Lead Balloon Follows Chocolate Teapot Into Reality

leadballoon-article

Engineering design students have struck another blow against idiom by successfully flying a lead balloon.

They responded to a challenge by British TV’s The One Show, which last year asked chocolate producers Nestle to make a chocolate teapot, based around the idiom that such a receptacle is the epitome of uselessness. In fact it proved possible to build a teapot that could hold boiling water for two minutes and then pour a drinkable, if slightly chocolaty, cup of tea. It turned out that by using dark chocolate with 65 percent cocoa solids and making the pot thick enough, the inner layer of the pot melting actually prevented further damage by acting as insulation.

The show followed up by asking students at the University of Bristol to produce and fly a lead balloon, something that is normally a metaphor for an idea sinking or going down badly.

Producing the balloon involved two main elements. The first was using a lead foil that was a mere 0.0016mm thick, though still weighed six times as much as the equivalent amount of “regular foil” (which likely refers to aluminum foil used for food.)

The second element was shaping this into a working balloon. An initial attempt using a wooden frame to put it into an ovoid shape proved too heavy. (It’s possible the students knew this ahead of time but couldn’t resist the wordplay of calling it a lead Zeppelin.)

Instead they turned to origami and overlaid the lead sheets on one another to join them in a specific flat pattern on the ground. They then used air to start the inflation before switching to helium. The origami design meant that as the balloon inflated, it twisted 90 degrees and wound up as a 1.6 meter cube.

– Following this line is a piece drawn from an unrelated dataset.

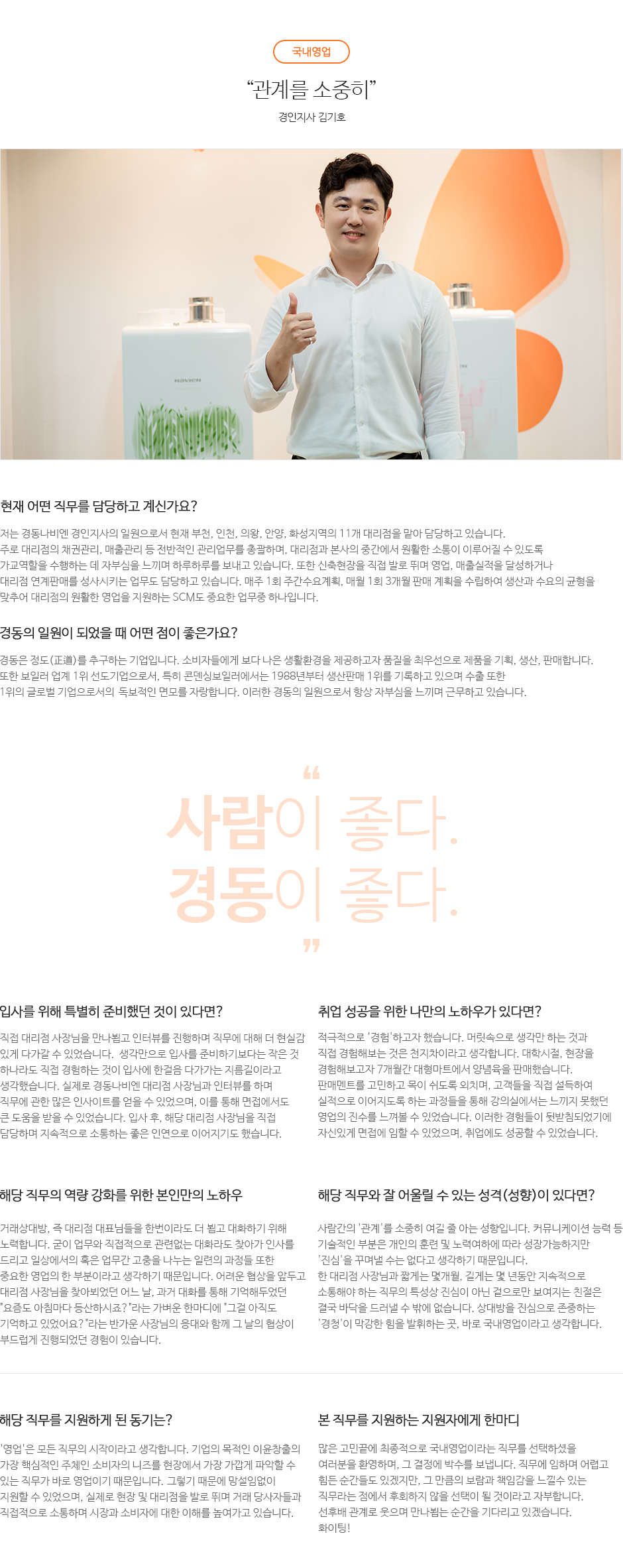 국내영업 직무는 당사의 파트너인 대리점을 관리하는 직무로 개설부터 해지까지 대리점과 관련된 모든 업무를 수행합니다. 매출 증대 및 M/S 확대를 목적으로, 본사와 대리점의 중간에서 커뮤니케이션을 담당하며 대리점 운영에 차질이 없도록 다양한 방면에서 지원활동을 전개합니다. 세부적으로는 신규 대리점 발굴, 기존 대리점 해지, 채권관리, 기술 지원, 각종 제도 고안 및 교육, 시장 및 경쟁사 정보 파악 등 다양한 업무를 처리합니다. 기본적으로 사람을 대하는 업무이다보니 원만한 대인관계를 유지할 수 있어야 하며 효과적인 커뮤니케이션 능력 및 적극적인 태도 역시 중요합니다. 국내영업에서 지속적으로 성장하다 보면 제품과 기술은 물론 유통에 대한 감각이 생겨 경영자로 발돋움 하는데 큰 도움이 됩니다.

The balloon, while kept indoors and tethered, successfully floated to five meters off the ground where it kept its position.




6 Responses to Lead Balloon Follows Chocolate Teapot Into Reality

  1. Mythbusters used this method of making a lead balloon years ago. Not really amazing when all the work has been done for you by two american special effects guys.

  2. Isn’t the phrase “going down like a lead balloon?” I’ve always taken that to mean the balloon was already up in the air and just got punctured or something, and then dropped rapidly rather than gliding on the wind because it’s lead.